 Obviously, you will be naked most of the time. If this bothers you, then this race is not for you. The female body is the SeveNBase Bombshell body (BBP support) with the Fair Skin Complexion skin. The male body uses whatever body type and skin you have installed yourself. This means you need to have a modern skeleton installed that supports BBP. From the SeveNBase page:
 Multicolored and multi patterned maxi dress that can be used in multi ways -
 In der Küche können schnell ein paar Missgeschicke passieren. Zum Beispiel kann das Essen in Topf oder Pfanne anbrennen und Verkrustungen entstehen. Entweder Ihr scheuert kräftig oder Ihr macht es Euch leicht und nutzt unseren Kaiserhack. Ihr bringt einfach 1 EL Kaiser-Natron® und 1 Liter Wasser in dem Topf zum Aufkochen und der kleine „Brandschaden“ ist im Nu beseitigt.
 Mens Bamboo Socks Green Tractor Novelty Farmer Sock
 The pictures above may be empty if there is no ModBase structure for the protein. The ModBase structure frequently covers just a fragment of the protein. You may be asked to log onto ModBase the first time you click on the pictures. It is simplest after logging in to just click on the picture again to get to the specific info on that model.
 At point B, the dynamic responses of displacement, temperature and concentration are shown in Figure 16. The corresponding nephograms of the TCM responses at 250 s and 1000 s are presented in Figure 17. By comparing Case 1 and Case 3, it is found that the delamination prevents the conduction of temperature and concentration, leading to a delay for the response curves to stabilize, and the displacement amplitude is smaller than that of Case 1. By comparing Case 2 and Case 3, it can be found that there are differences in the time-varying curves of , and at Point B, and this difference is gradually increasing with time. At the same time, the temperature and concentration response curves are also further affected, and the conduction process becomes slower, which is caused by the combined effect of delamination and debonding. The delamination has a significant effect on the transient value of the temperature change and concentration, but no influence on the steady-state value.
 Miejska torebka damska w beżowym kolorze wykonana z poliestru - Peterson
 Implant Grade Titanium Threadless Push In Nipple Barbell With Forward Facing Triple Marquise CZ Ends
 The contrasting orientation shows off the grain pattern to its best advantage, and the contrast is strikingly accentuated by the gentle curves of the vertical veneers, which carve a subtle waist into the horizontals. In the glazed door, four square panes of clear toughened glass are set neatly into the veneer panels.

# [Task to complete]
Each line above, from the one that contains "Miejska torebka damska" to the last line of the records, should be repeated exactly. Leave out all others.

# [Written response]
 Miejska torebka damska w beżowym kolorze wykonana z poliestru - Peterson
 Implant Grade Titanium Threadless Push In Nipple Barbell With Forward Facing Triple Marquise CZ Ends
 The contrasting orientation shows off the grain pattern to its best advantage, and the contrast is strikingly accentuated by the gentle curves of the vertical veneers, which carve a subtle waist into the horizontals. In the glazed door, four square panes of clear toughened glass are set neatly into the veneer panels.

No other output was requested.